### GOAL OF THE EXERCISE
Each entry has to be given again in its exact wording, and no picture may appear in the result.

DATASET CONTENT START

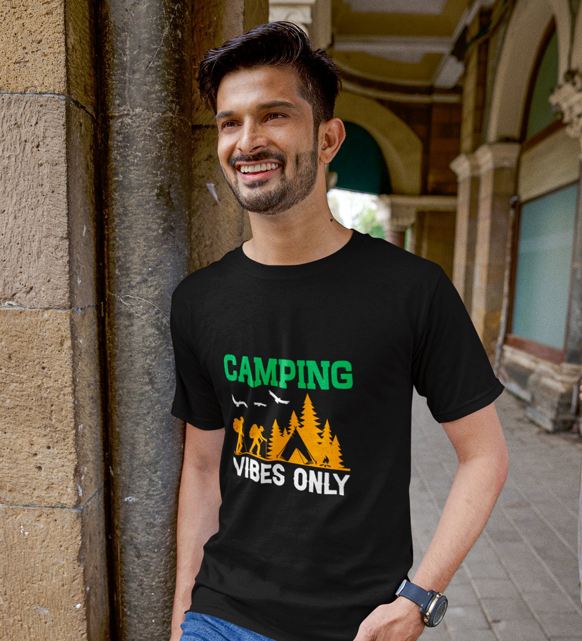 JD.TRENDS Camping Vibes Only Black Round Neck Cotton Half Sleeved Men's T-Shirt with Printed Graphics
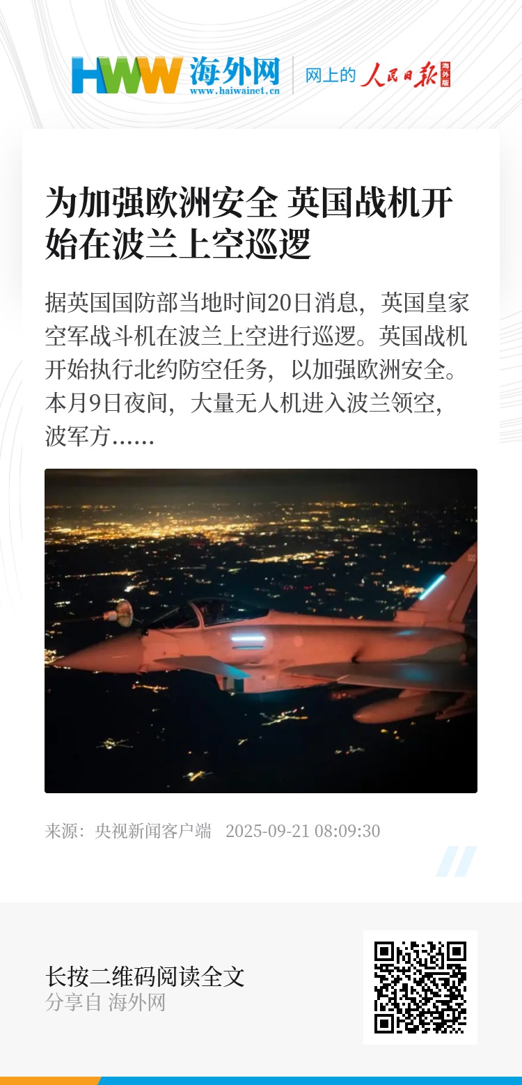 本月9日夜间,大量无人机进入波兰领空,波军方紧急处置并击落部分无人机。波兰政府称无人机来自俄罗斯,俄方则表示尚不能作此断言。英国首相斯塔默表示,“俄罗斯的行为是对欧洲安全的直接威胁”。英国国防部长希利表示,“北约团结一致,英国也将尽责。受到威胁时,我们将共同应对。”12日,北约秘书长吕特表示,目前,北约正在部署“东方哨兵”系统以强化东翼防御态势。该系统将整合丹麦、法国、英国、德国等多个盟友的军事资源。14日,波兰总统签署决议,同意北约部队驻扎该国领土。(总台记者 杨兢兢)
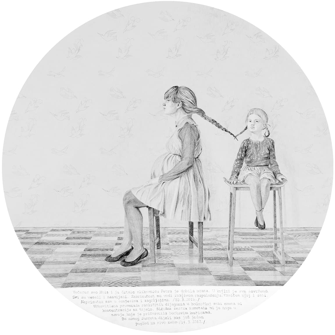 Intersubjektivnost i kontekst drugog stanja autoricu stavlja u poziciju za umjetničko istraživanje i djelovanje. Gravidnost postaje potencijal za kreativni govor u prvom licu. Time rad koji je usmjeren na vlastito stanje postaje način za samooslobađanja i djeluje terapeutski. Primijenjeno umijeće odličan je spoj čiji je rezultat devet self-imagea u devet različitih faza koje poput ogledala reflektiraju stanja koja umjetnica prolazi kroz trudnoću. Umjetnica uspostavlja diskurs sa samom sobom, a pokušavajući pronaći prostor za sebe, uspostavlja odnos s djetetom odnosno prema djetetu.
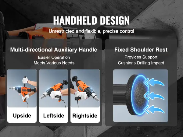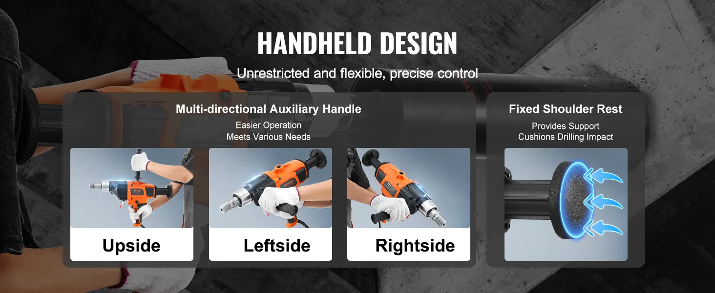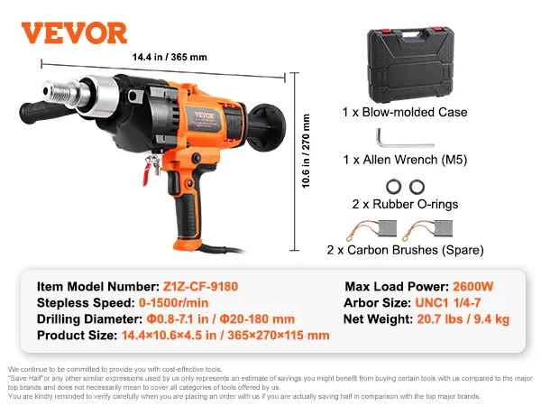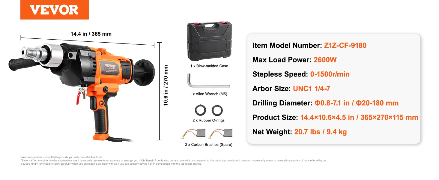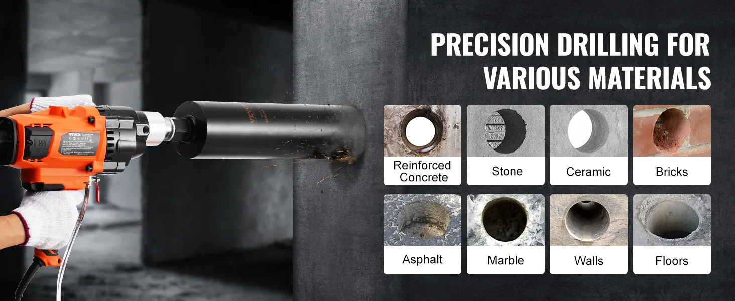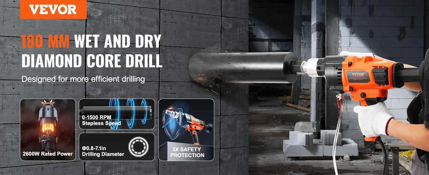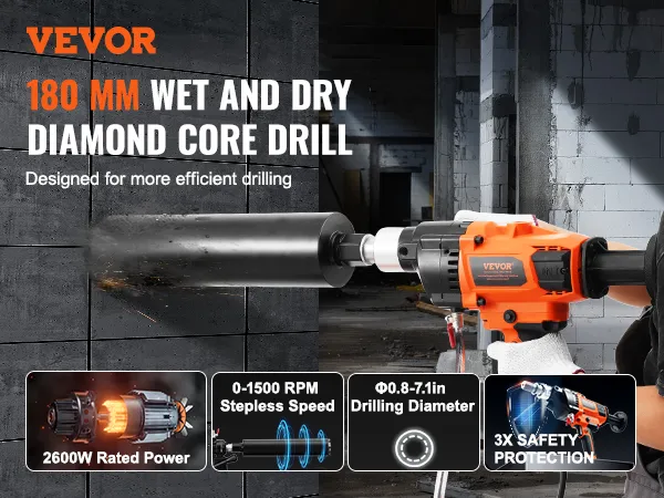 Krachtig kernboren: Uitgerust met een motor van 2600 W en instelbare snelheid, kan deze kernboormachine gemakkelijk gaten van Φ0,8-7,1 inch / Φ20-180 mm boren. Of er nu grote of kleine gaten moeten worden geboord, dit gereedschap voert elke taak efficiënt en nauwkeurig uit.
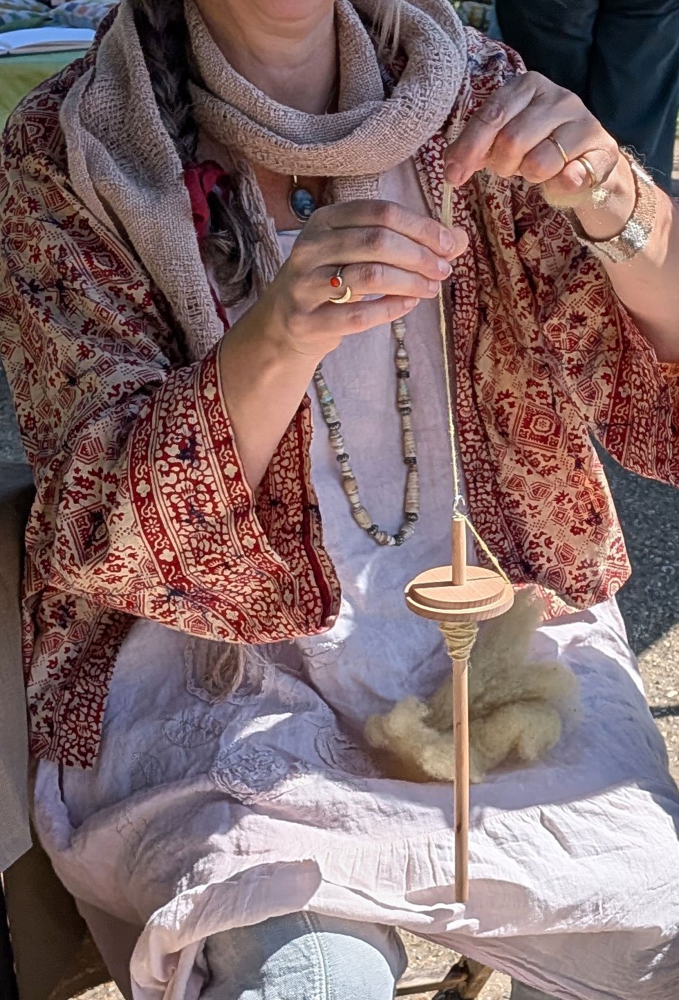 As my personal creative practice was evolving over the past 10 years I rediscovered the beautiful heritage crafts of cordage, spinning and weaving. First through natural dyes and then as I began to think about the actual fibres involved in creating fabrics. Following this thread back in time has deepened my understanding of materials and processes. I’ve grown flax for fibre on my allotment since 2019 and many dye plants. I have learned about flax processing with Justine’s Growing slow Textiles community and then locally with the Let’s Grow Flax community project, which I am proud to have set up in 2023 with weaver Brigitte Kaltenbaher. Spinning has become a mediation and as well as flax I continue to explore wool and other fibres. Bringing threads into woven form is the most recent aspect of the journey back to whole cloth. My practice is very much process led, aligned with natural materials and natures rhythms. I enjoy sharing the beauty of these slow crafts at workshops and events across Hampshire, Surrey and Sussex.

DATASET CONTENT END

### WRITTEN SOLUTION
 JD.TRENDS Camping Vibes Only Black Round Neck Cotton Half Sleeved Men's T-Shirt with Printed Graphics
 本月9日夜间,大量无人机进入波兰领空,波军方紧急处置并击落部分无人机。波兰政府称无人机来自俄罗斯,俄方则表示尚不能作此断言。英国首相斯塔默表示,“俄罗斯的行为是对欧洲安全的直接威胁”。英国国防部长希利表示,“北约团结一致,英国也将尽责。受到威胁时,我们将共同应对。”12日,北约秘书长吕特表示,目前,北约正在部署“东方哨兵”系统以强化东翼防御态势。该系统将整合丹麦、法国、英国、德国等多个盟友的军事资源。14日,波兰总统签署决议,同意北约部队驻扎该国领土。(总台记者 杨兢兢)
 Intersubjektivnost i kontekst drugog stanja autoricu stavlja u poziciju za umjetničko istraživanje i djelovanje. Gravidnost postaje potencijal za kreativni govor u prvom licu. Time rad koji je usmjeren na vlastito stanje postaje način za samooslobađanja i djeluje terapeutski. Primijenjeno umijeće odličan je spoj čiji je rezultat devet self-imagea u devet različitih faza koje poput ogledala reflektiraju stanja koja umjetnica prolazi kroz trudnoću. Umjetnica uspostavlja diskurs sa samom sobom, a pokušavajući pronaći prostor za sebe, uspostavlja odnos s djetetom odnosno prema djetetu.
 Krachtig kernboren: Uitgerust met een motor van 2600 W en instelbare snelheid, kan deze kernboormachine gemakkelijk gaten van Φ0,8-7,1 inch / Φ20-180 mm boren. Of er nu grote of kleine gaten moeten worden geboord, dit gereedschap voert elke taak efficiënt en nauwkeurig uit.
 As my personal creative practice was evolving over the past 10 years I rediscovered the beautiful heritage crafts of cordage, spinning and weaving. First through natural dyes and then as I began to think about the actual fibres involved in creating fabrics. Following this thread back in time has deepened my understanding of materials and processes. I’ve grown flax for fibre on my allotment since 2019 and many dye plants. I have learned about flax processing with Justine’s Growing slow Textiles community and then locally with the Let’s Grow Flax community project, which I am proud to have set up in 2023 with weaver Brigitte Kaltenbaher. Spinning has become a mediation and as well as flax I continue to explore wool and other fibres. Bringing threads into woven form is the most recent aspect of the journey back to whole cloth. My practice is very much process led, aligned with natural materials and natures rhythms. I enjoy sharing the beauty of these slow crafts at workshops and events across Hampshire, Surrey and Sussex.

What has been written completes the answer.